Practical OCaml: larger example

This "Larger Example" I’m going to write about is in chapter 18, starting on page 243. The chapter is (supposed to be) about the object oriented features of OCaml (they would be the "O" part) but this example is more objectionable than objective. It was intended to be an implementation of the Levenshtein distance algorithm: it started with an incomplete description of that algorithm and a figure of a matrix with four mistakes. Then it got worse.

Smith’s plan was to create a base class containing the algorithm and then use subclasses to adapt the algorithm to different data types. But when I looked at the edit_distance base class I noticed that half of the core algorithm was missing! I found it in the string_edit_distance subclass, and also in the list_edit_distance subclass. Martin Fowler in his great "Refactoring" book says: Number one in the stink parade is duplicated code. If you see the same code structure in more than one place, you can be sure that your program will be better if you find a way to unify them. Following Fowler’s good advice, which Smith should have done, I moved the duplicated code to the base class. There was only a small bit of code that was different for each subclass: the part that compares the elements of the particular data structures (strings and lists in this example) to work out if a changing cost is required. I created a cost_to_change method to handle that.

Then I tried to simplify the code and make it more readable.

In the update_matrix method I removed three of the let bindings and passed the calculation results directly the trimin function I mentioned before.

In the gen_matrix method I replaced the pattern matching and nested iteration functions with two separate iteration functions, which hopefully makes it clear that we are only initialising the first row and first column; most of the matrix is left untouched.

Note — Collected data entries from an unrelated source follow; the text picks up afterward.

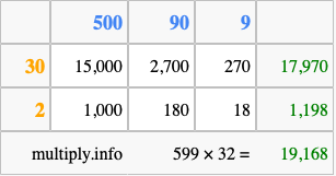 Below is an illustration showing you how to calculate 599 times 32 using the box method, using the instructions above.
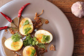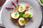 Jajko z sosem Tamarind w białym talerzu serwowane na drewnianym stole z kolendrą posypkę, jest popularnym lokalnym daniem, które ludzie tajskie jeść.
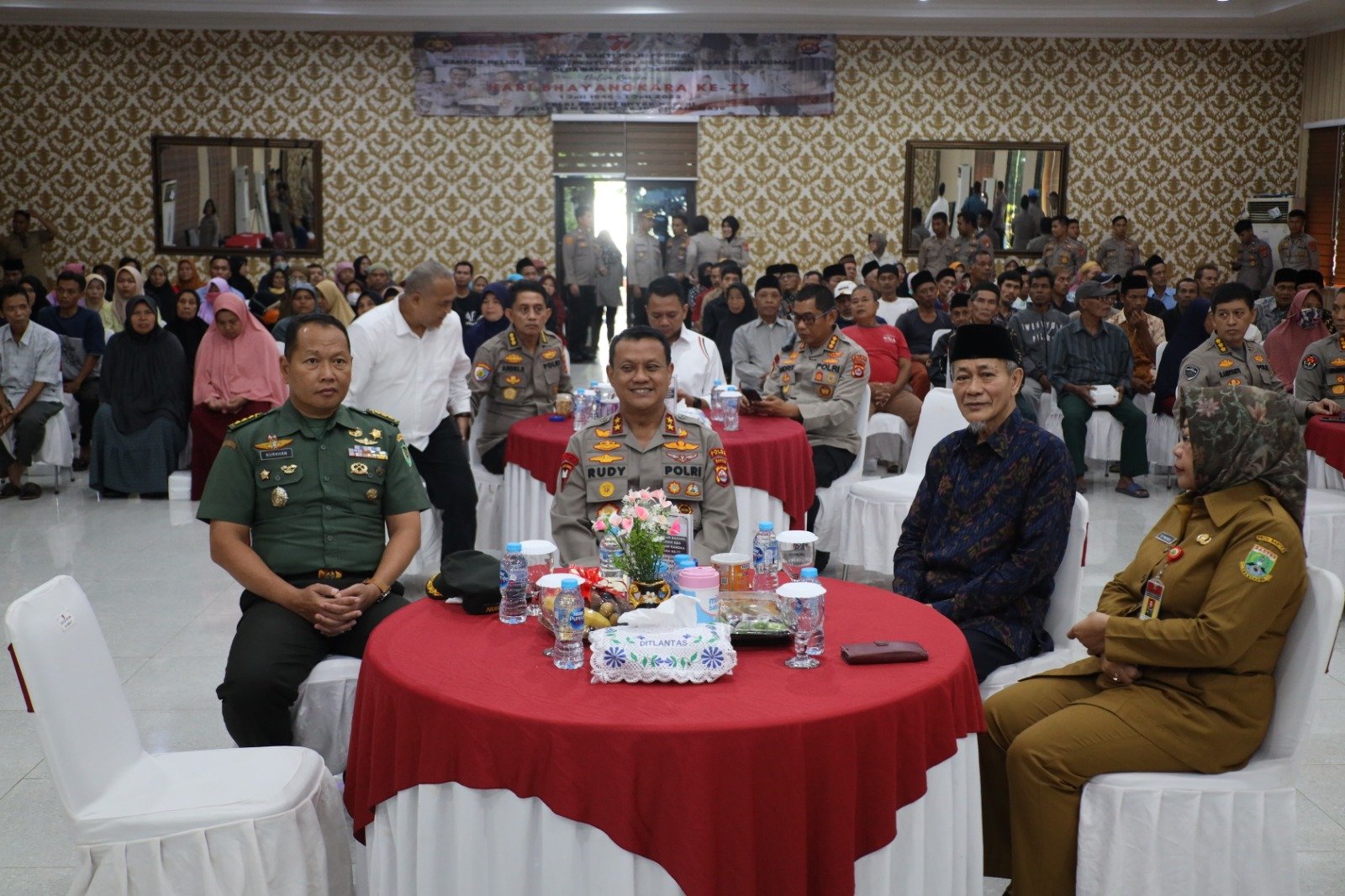 Serang, klikviral.com – Kapolda Banten Irjen Pol. Prof. Dr Rudy Heriyanto hadiri serta ikuti Bulan Bakti Polri Presisi Bakti Sosial (Baksos) Religi, Bantuan Sosial (Bansos), Penyediaan Air Bersih, dan Bedah Rumah Polda Banten dan Jajaran Dalam Rangka Hari Bhayangkara Ke 77 yang dilaksanakan di Aula Serbaguna Polda Banten pada Senin (19/06) pukul 09.00 Wib.
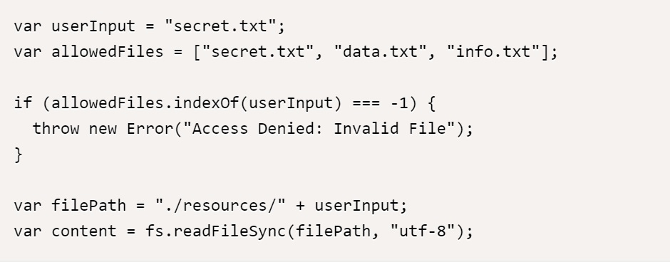 위 코드에서, 사용자 입력인 userInput을 허용된 파일 목록인 allowedFiles와 비교하여 허용된 파일인지 확인하고 있다. 허용되지 않은 파일인 경우, 예외를 발생시키고 액세스를 거부한다. 허용된 파일인 경우에만 경로를 생성하여 파일을 읽어온다. 이렇게 하면, 악의적인 사용자가 경로 조작 구문을 입력하여 다른 경로에 있는 민감한 파일에 접근하는 것을 막을 수 있다.
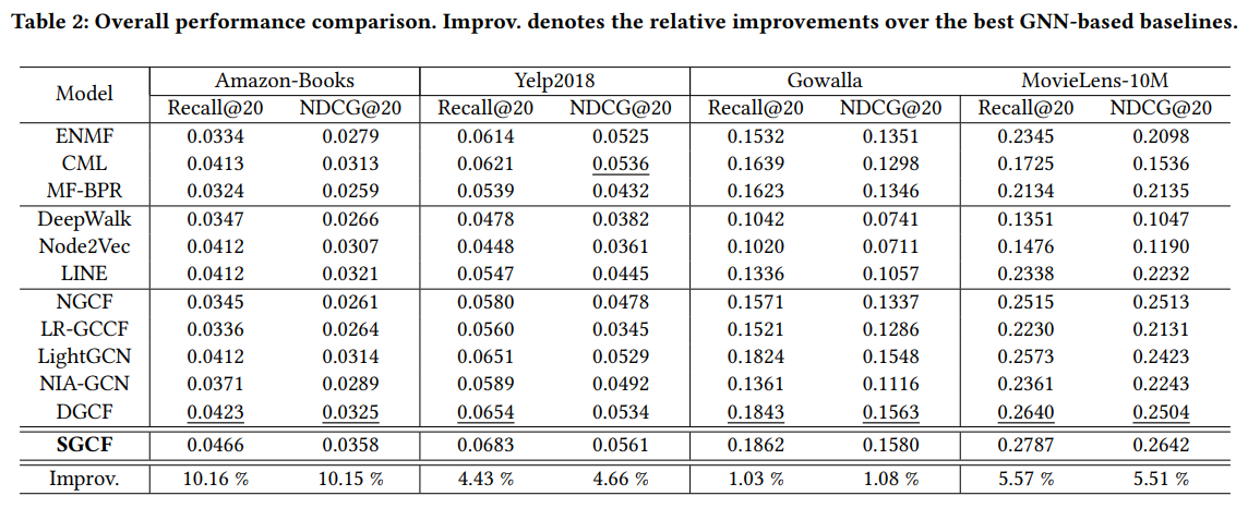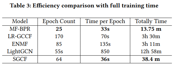 주목할만한 결과로는 SGCF 기법의 속도가 MF-BPR 을 제외한 다른 기법에 비해 매우 우수한 것을 확인할 수 있다. SGCF 기법의 경우 그래프 기반 기법임에도 불구하고 MF 기반 기법과 비슷한 수준의 속도를 보여준다. Table 4를 보면, 빠른 속도 뿐만 아니라 성능 역시 우수한 것을 확인할 수 있다.

In the calc method, which I’d moved from the subclass to the base class, I again replaced the pattern matching and nested iteration functions, this time with nested for loops. Pattern matching and higher-order iteration functions are very powerful, and they could be used instead of loops and conditional statements in all ocaml code; but ocaml includes for loops and if statements because they are easier to use and understand than the more powerful features. Choose the right tool for the job.

As a result of all these changes the size of a subclass has been reduced from 18 lines to 6, only 2 of which need to be changed for each data type (the other 4 are structure). You can have a look at some of Smith’s code and my modified version to see the differences for yourself.

Practical OCaml: not again

I was about to comment on the "Larger Example" in chapter 18, starting on page 243; but first I have to get rid of the trimin method it contains:

    method private trimin x y z = match x,y,z with
        m,n,o when (m > n) -> if (n < o) then n else o
      | m,n,o when (m < n) -> if (m < o) then m else o
      | m,n,o -> if (n < o) then n else o

Let me now repeat exactly what I said in my previous post: Huh?! This method will return the smallest of its three arguments, although its ugliness made me doubt that for a while. But even if it were improved, it shouldn't even be part of this class at all. So I removed that method and replaced it with a simple function:

let trimin x y z = min x (min y z);;

That done, I was then able to continue with the "larger example".

Practical OCaml: minimum review

I have been reading Practical OCaml. I didn’t buy the book; I recommend that you don’t buy it too. I was given a copy and asked if I could say something good about it, so here goes: “it could be worse”.

There are so many other negative reviews of this book I don’t want to just repeat what has already been said. Instead I’m going to criticise some parts of it in more detail in the hope that it may help. I’m going to choose targets on a whim, with not much rhyme or reason; that should mirror the structure of the book quite well.

So, to start small, my first complaint is against page 172. Smith (the book’s author) writes:

let min x y = match x with
    n when x < y -> x
  | _ -> y;;

Huh?!

That can’t possibly be a sane way to define a function that returns the smaller of two arguments. In addition to the needless complexity we have the unused named value n. What was wrong with:

let min x y = if x < y then x else y;;

That should be clear enough. But I now have another question: why even bother? The min function is built-in to OCaml; it is part of the Pervasives module that provides “<” and the other comparison operators.